■ **ABOUT THIS TASK**: Set down each record below precisely, skipping the pictures.

(Saved data entries)
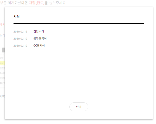 제가 쓰는 서식 사진입니다. 서식에서 선택해주시면 글쓰기 안으로 서식이 들어갑니다.
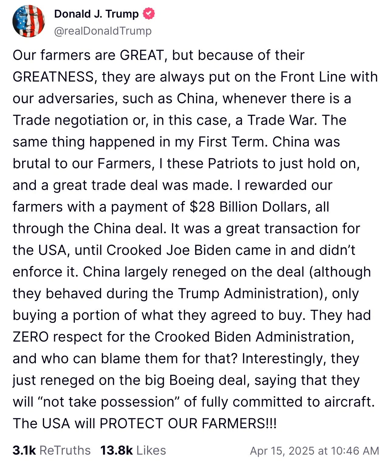 Mr Trump took aim at Beijing again on April 15, saying on Truth Social that China did not fully fulfil an earlier trade deal. He appeared to be referencing a pact that marked a truce in both sides’ escalating tariffs war during his first term.
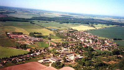 - Dorf mit Pfarrkirche, Schule (2), Förster, Mühle, Krug, Ziegelei. - Hof und dorf 887,7 ha. 1890 295 Einw., 1850 240 Einw. ."
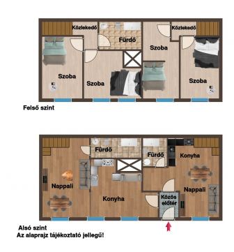 Az alsó szinten amerikai konyhás nappali került kialakításra, valamint egy WC-s fürdőszoba. A felső részen két külön hálószoba kapott helyet, ami ritka és rendkívül jól kihasználható megoldás ebben a méretkategóriában.
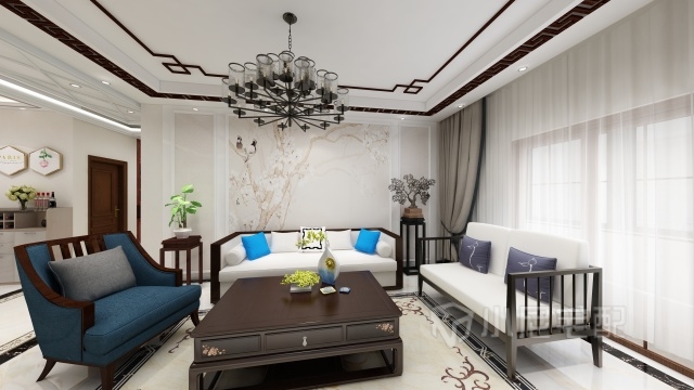 客廳采用的是新中式 沙發(fā)采用的是實(shí)木休閑沙發(fā) 松軟舒適 并沒有選用純實(shí)木的紅木沙發(fā) 紅木沙發(fā)分量重不易打掃 而且很容易磕碰到身體
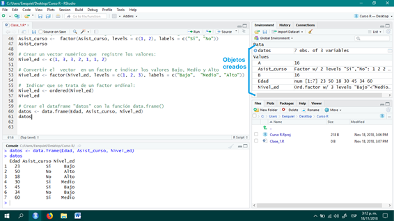 • Factor: este tipo de objeto se utiliza para almacenar datos de tipo categórico, los mismos pueden ser nominales u ordinales.
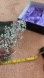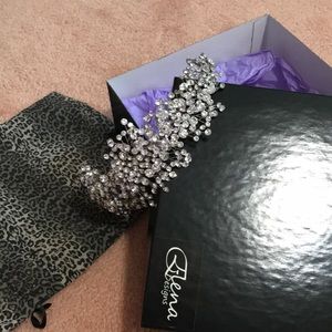 Rhinestones beautiful head piece worn one week by my daughter for her wedding very flexible just the measurements . No stones are missing comes with a dust bag and a box . From smoke pet free home .
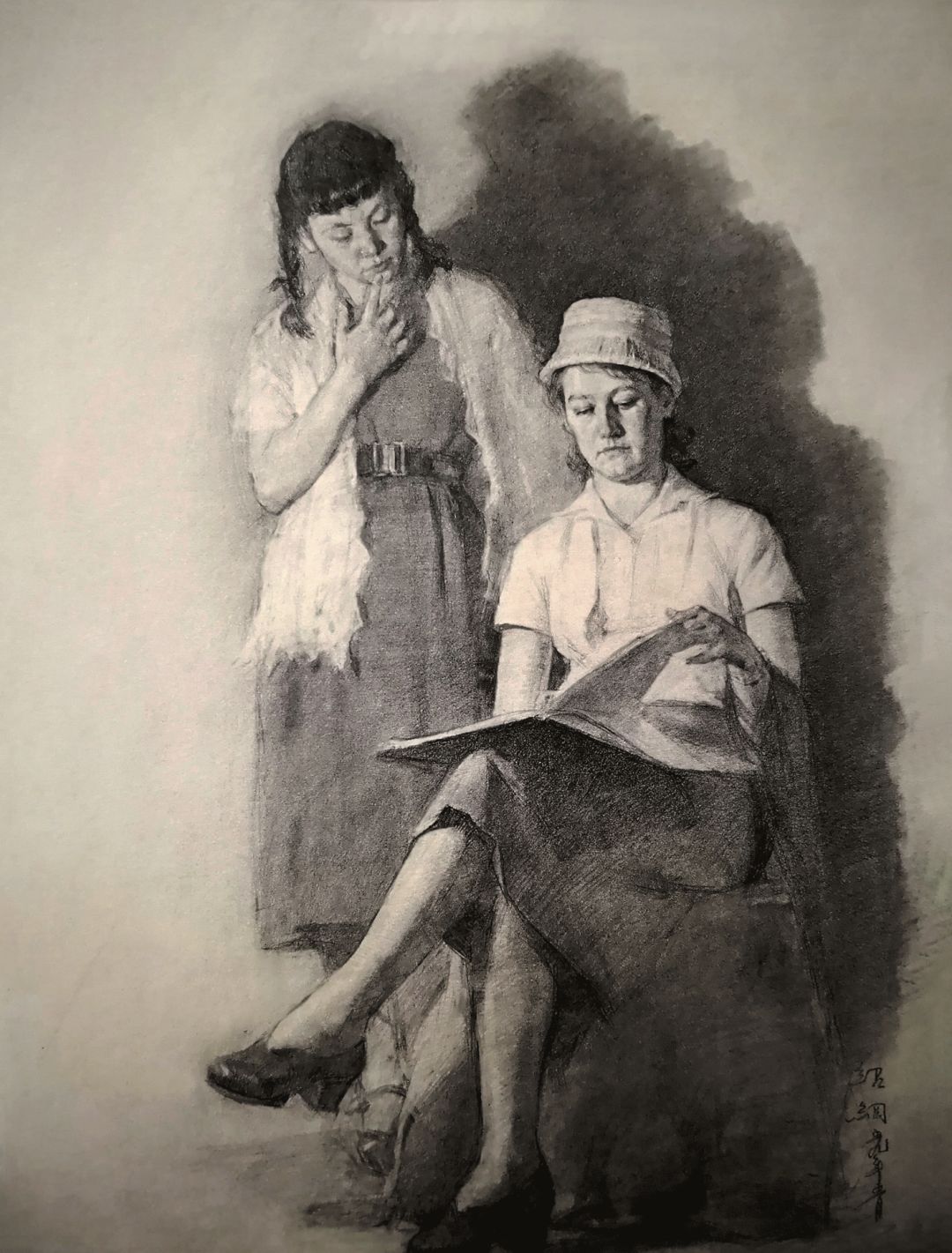 《一立、一坐的女人》炭棒画

■ **YOUR SOLUTION**:
 제가 쓰는 서식 사진입니다. 서식에서 선택해주시면 글쓰기 안으로 서식이 들어갑니다.
 Mr Trump took aim at Beijing again on April 15, saying on Truth Social that China did not fully fulfil an earlier trade deal. He appeared to be referencing a pact that marked a truce in both sides’ escalating tariffs war during his first term.
 - Dorf mit Pfarrkirche, Schule (2), Förster, Mühle, Krug, Ziegelei. - Hof und dorf 887,7 ha. 1890 295 Einw., 1850 240 Einw. ."
 Az alsó szinten amerikai konyhás nappali került kialakításra, valamint egy WC-s fürdőszoba. A felső részen két külön hálószoba kapott helyet, ami ritka és rendkívül jól kihasználható megoldás ebben a méretkategóriában.
 客廳采用的是新中式 沙發(fā)采用的是實(shí)木休閑沙發(fā) 松軟舒適 并沒有選用純實(shí)木的紅木沙發(fā) 紅木沙發(fā)分量重不易打掃 而且很容易磕碰到身體
 • Factor: este tipo de objeto se utiliza para almacenar datos de tipo categórico, los mismos pueden ser nominales u ordinales.
 Rhinestones beautiful head piece worn one week by my daughter for her wedding very flexible just the measurements . No stones are missing comes with a dust bag and a box . From smoke pet free home .
 《一立、一坐的女人》炭棒画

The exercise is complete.